*** DATA EXTRACTS
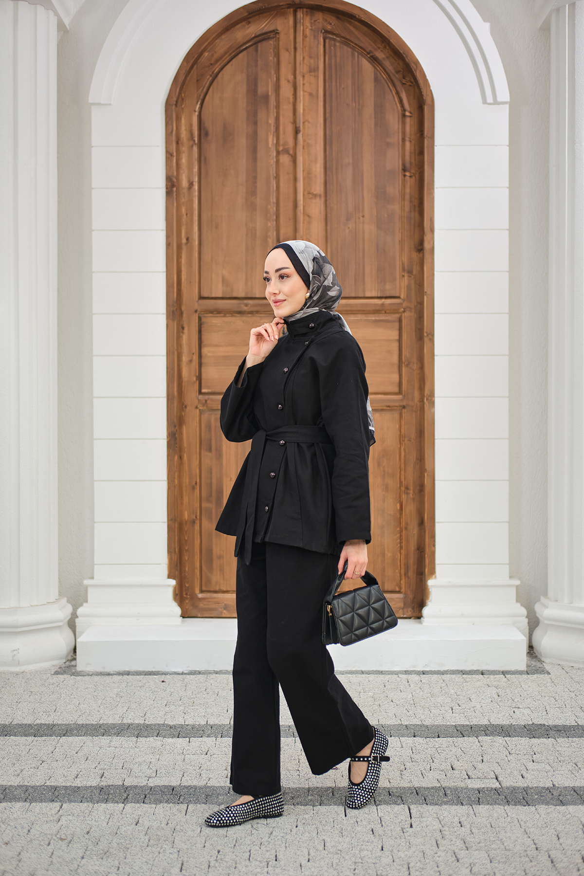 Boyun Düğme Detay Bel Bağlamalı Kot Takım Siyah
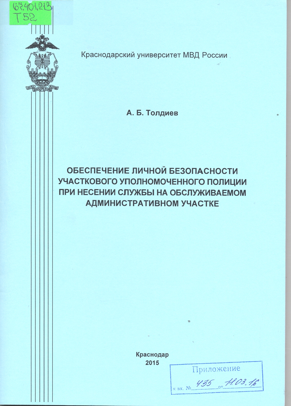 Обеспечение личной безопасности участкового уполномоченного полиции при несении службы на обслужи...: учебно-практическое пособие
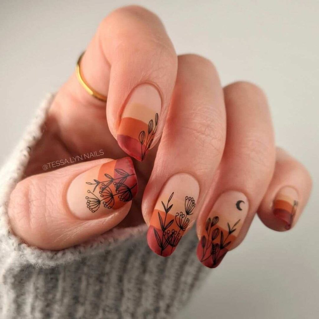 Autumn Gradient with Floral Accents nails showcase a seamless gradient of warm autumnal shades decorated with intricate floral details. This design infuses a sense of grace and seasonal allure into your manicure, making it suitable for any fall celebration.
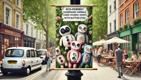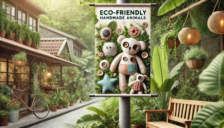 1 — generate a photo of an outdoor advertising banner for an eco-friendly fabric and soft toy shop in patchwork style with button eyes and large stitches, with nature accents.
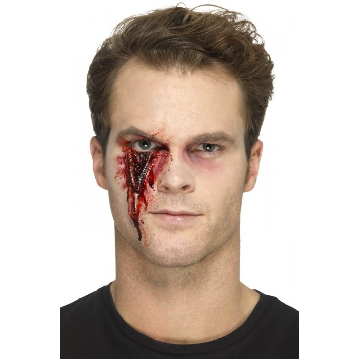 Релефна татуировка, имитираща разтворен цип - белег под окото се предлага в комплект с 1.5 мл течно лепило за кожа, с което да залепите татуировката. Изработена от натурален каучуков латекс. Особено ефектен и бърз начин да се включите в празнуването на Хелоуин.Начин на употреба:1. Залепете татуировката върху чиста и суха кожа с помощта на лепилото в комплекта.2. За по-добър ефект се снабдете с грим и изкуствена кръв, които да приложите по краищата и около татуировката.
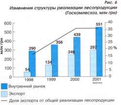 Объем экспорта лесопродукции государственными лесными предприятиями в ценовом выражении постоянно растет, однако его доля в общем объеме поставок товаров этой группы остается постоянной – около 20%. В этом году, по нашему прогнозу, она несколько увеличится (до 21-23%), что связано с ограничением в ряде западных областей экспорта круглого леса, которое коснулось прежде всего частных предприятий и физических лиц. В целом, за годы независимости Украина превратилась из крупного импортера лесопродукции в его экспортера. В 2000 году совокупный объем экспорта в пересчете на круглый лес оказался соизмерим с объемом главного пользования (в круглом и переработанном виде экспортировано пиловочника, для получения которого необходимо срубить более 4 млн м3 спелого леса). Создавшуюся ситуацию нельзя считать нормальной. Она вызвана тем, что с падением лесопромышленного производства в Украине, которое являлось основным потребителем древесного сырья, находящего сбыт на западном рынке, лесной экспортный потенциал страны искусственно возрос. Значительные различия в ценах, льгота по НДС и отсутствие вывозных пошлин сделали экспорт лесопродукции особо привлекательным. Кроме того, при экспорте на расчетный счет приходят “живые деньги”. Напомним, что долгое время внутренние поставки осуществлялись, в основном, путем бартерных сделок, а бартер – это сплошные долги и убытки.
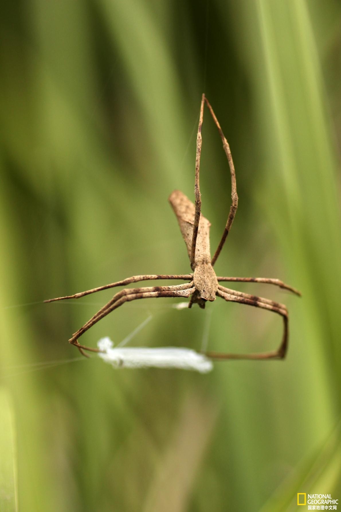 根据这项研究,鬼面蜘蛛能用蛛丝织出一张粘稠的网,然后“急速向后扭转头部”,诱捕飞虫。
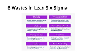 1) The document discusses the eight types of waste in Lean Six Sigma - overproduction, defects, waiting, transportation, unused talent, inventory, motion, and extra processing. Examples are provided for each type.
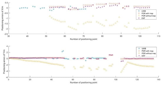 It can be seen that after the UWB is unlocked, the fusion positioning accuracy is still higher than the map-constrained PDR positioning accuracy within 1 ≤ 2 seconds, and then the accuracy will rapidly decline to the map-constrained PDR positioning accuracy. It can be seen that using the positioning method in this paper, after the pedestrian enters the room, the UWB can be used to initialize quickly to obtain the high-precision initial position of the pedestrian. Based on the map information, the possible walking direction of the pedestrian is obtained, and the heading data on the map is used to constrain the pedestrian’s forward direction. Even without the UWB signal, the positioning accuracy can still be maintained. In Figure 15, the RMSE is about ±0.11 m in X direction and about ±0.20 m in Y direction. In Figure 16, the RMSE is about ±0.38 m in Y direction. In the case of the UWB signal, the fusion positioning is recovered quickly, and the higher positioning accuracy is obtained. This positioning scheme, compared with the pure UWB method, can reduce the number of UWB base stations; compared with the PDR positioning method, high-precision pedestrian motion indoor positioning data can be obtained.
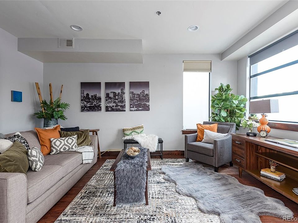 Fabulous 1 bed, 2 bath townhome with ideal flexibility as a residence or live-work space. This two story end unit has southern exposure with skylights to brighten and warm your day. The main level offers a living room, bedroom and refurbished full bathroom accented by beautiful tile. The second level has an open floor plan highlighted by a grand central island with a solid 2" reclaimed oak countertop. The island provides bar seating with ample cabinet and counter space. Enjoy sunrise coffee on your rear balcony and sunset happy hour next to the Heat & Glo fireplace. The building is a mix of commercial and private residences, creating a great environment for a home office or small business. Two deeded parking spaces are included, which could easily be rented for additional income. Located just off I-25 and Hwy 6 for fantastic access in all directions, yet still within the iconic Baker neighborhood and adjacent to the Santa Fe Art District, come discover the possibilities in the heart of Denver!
******
→ TASK DESCRIPTION
Please reproduce the data above word for word, skipping all images.

→ FINAL ANSWER
 Boyun Düğme Detay Bel Bağlamalı Kot Takım Siyah
 Обеспечение личной безопасности участкового уполномоченного полиции при несении службы на обслужи...: учебно-практическое пособие
 Autumn Gradient with Floral Accents nails showcase a seamless gradient of warm autumnal shades decorated with intricate floral details. This design infuses a sense of grace and seasonal allure into your manicure, making it suitable for any fall celebration.
 1 — generate a photo of an outdoor advertising banner for an eco-friendly fabric and soft toy shop in patchwork style with button eyes and large stitches, with nature accents.
 Релефна татуировка, имитираща разтворен цип - белег под окото се предлага в комплект с 1.5 мл течно лепило за кожа, с което да залепите татуировката. Изработена от натурален каучуков латекс. Особено ефектен и бърз начин да се включите в празнуването на Хелоуин.Начин на употреба:1. Залепете татуировката върху чиста и суха кожа с помощта на лепилото в комплекта.2. За по-добър ефект се снабдете с грим и изкуствена кръв, които да приложите по краищата и около татуировката.
 Объем экспорта лесопродукции государственными лесными предприятиями в ценовом выражении постоянно растет, однако его доля в общем объеме поставок товаров этой группы остается постоянной – около 20%. В этом году, по нашему прогнозу, она несколько увеличится (до 21-23%), что связано с ограничением в ряде западных областей экспорта круглого леса, которое коснулось прежде всего частных предприятий и физических лиц. В целом, за годы независимости Украина превратилась из крупного импортера лесопродукции в его экспортера. В 2000 году совокупный объем экспорта в пересчете на круглый лес оказался соизмерим с объемом главного пользования (в круглом и переработанном виде экспортировано пиловочника, для получения которого необходимо срубить более 4 млн м3 спелого леса). Создавшуюся ситуацию нельзя считать нормальной. Она вызвана тем, что с падением лесопромышленного производства в Украине, которое являлось основным потребителем древесного сырья, находящего сбыт на западном рынке, лесной экспортный потенциал страны искусственно возрос. Значительные различия в ценах, льгота по НДС и отсутствие вывозных пошлин сделали экспорт лесопродукции особо привлекательным. Кроме того, при экспорте на расчетный счет приходят “живые деньги”. Напомним, что долгое время внутренние поставки осуществлялись, в основном, путем бартерных сделок, а бартер – это сплошные долги и убытки.
 根据这项研究,鬼面蜘蛛能用蛛丝织出一张粘稠的网,然后“急速向后扭转头部”,诱捕飞虫。
 1) The document discusses the eight types of waste in Lean Six Sigma - overproduction, defects, waiting, transportation, unused talent, inventory, motion, and extra processing. Examples are provided for each type.
 It can be seen that after the UWB is unlocked, the fusion positioning accuracy is still higher than the map-constrained PDR positioning accuracy within 1 ≤ 2 seconds, and then the accuracy will rapidly decline to the map-constrained PDR positioning accuracy. It can be seen that using the positioning method in this paper, after the pedestrian enters the room, the UWB can be used to initialize quickly to obtain the high-precision initial position of the pedestrian. Based on the map information, the possible walking direction of the pedestrian is obtained, and the heading data on the map is used to constrain the pedestrian’s forward direction. Even without the UWB signal, the positioning accuracy can still be maintained. In Figure 15, the RMSE is about ±0.11 m in X direction and about ±0.20 m in Y direction. In Figure 16, the RMSE is about ±0.38 m in Y direction. In the case of the UWB signal, the fusion positioning is recovered quickly, and the higher positioning accuracy is obtained. This positioning scheme, compared with the pure UWB method, can reduce the number of UWB base stations; compared with the PDR positioning method, high-precision pedestrian motion indoor positioning data can be obtained.
 Fabulous 1 bed, 2 bath townhome with ideal flexibility as a residence or live-work space. This two story end unit has southern exposure with skylights to brighten and warm your day. The main level offers a living room, bedroom and refurbished full bathroom accented by beautiful tile. The second level has an open floor plan highlighted by a grand central island with a solid 2" reclaimed oak countertop. The island provides bar seating with ample cabinet and counter space. Enjoy sunrise coffee on your rear balcony and sunset happy hour next to the Heat & Glo fireplace. The building is a mix of commercial and private residences, creating a great environment for a home office or small business. Two deeded parking spaces are included, which could easily be rented for additional income. Located just off I-25 and Hwy 6 for fantastic access in all directions, yet still within the iconic Baker neighborhood and adjacent to the Santa Fe Art District, come discover the possibilities in the heart of Denver!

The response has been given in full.